## Spark 101 Exercises
### Corey Solitaire
`11.24.2020`

In [1]:
import pyspark
import pandas as pd
import numpy as np

from pydataset import data
from vega_datasets import data

from pyspark.sql.functions import col, expr, concat, sum, avg, min, max, count, mean, round
from pyspark.sql.functions import lit, regexp_extract, regexp_replace, when,asc, desc, month, year, quarter  

***
## Method to create spark session

In [2]:
spark = pyspark.sql.SparkSession.builder.getOrCreate()

***
## Reference Material

In [3]:
pd_v_spark = pd.DataFrame([['pd.read_csv("myfile.csv")', 
                            'spark.read.load("myfile.csv", format = "csv", sep = ",")'], 
                           ['pd.read_json("myfile.json")', 
                            'spark.read.load("myfile.json", format = "json") OR spark.read.json("myfile.json")']], 
                          index = ['csv', 'json'], 
                          columns = ['pandas', 'spark'])

pd_v_spark = pd_v_spark.append(pd.DataFrame([['pd_df.head()', 'sp_df.show(), .head(), .take()'],
                                             ['pd_df.head(1)', 'sp_df.first()'],
                                             ['pd_df.describe()', 'sp_df.describe()'],
                                             ['pd_df.columns', 'sp_df.columns'],
                                             ['len(pd_df)', 'sp_df.count()'],
                                             ['len(pd_df.drop_duplicates())', 'sp_df.distinct().count()'],
                                             ['pd_df.info()', 'sp_df.printSchema()']
                                            ],
                                            index = ['1st n rows', '1st row','summary statistics', 
                                                     'column names', '# rows', '# distinct rows', 
                                                     'df schema info'], 
                                            columns = ['pandas', 'spark']))

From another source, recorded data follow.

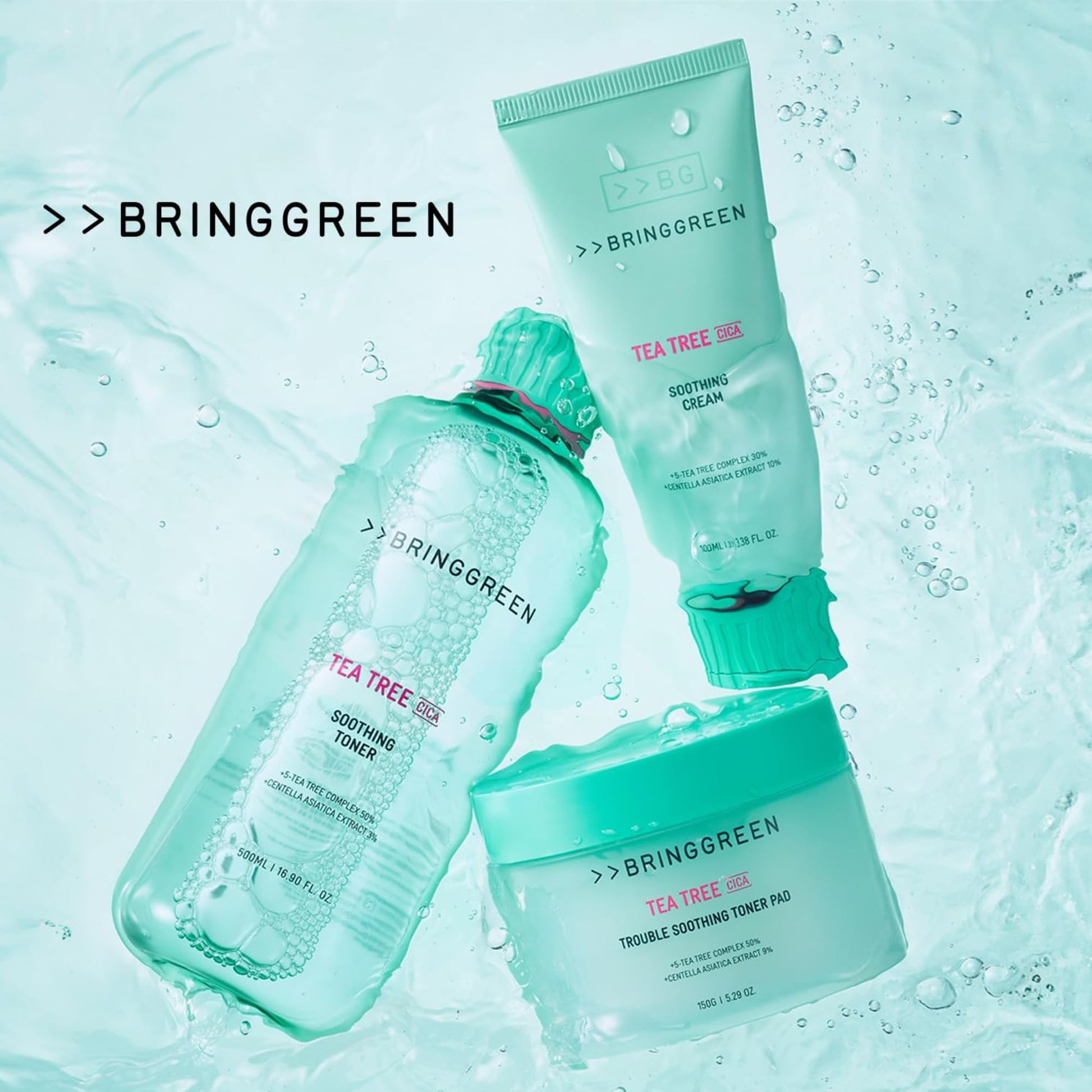 - [BRING GREEN] GOO:D SK1N GOO:D V1BE! Bring Green Tea Tree Cica skin care line has been renewed providing extra moisturization and calming effect. Enjoy your skincare routine.
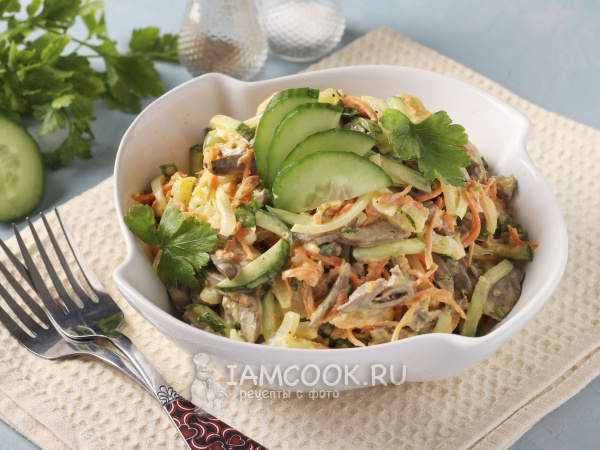 Этот салат — просто находка! Бюджетный, вкусный😋 и готовится очень просто. При этом салат получается сытным, но не тяжёлым, с секретным ингредиентом, который заставит всех гадать: "А что же там такое?" 😉 Даже самые привередливые ели этот салат с большим удовольствием! Сохраняйте рецепт, чтобы в нужный момент воспользоваться. 👩🍳КАК ГОТОВИМ: 1. Сердечки — основа нашего шедевра: - Промываем хорошенько - Чистим от лишнего (знаете, эти жилочки) - Варим в подсоленной водичке 35-40 минут Хозяйке на заметку: бульон не выливайте — пригодится для супчика! 2. Лучок: - Режем полукольцами - Маринуем в ложечке уксуса с щепоткой соли и сахара Секретик: если лук уж очень злой — ошпарьте его кипяточком! 3. Нарезка (самое приятное): - Огурчик соломкой - Ананасы такой же соломкой - Сердечки, когда остынут, тоже соломкой 4. Собираем наш шедевр: - В салатник складываем морковку по-корейски - Добавляем огурцы, ананасы, лучок - Сверху — наши сердечки - Петрушку измельчаем и туда же - Заправляем майонезо
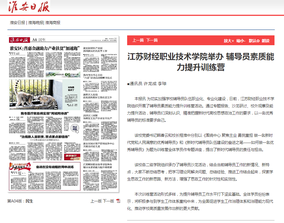 (通讯员 许龙成 李琼)为切实加强学校辅导员队伍职业化、专业化建设,日前,江苏财经职业技术学院组织开展了辅导员素质能力提升训练营活动。通过专题报告、沙龙研讨、校外观摩及能力提升活动,辅导员们深刻认识、精准把握新时代高校思想政治工作的要求,以一名优秀辅导员的标准要求自己。

pd_v_spark = pd_v_spark.append(pd.DataFrame([['pd_df[["col1", "col2"]]', 
                                              'sp_df.select(sp_df.col1, sp_df.col2)']
                                            ],
                                            index = ['select columns'], 
                                            columns = ['pandas', 'spark']))

pd_v_spark = pd_v_spark.append(pd.DataFrame([['pd_df[pd_df.c1 > 0]', 'sp_df.filter(df.c1 > 0), sp_df.where(df.c1 > 0)'],
                                            ],
                                            index = ['conditional filtering'], 
                                            columns = ['pandas', 'spark']))

pd_v_spark = pd_v_spark.append(pd.DataFrame([['np.where(pd_df.c1.array > 0, "positive")', 
                                              'sp_df.select(df.c1, when(df.c1 > 0, "positive").alias("number_sign"))'],
                                            ],
                                            index = ['conditional assigning'], 
                                            columns = ['pandas', 'spark']))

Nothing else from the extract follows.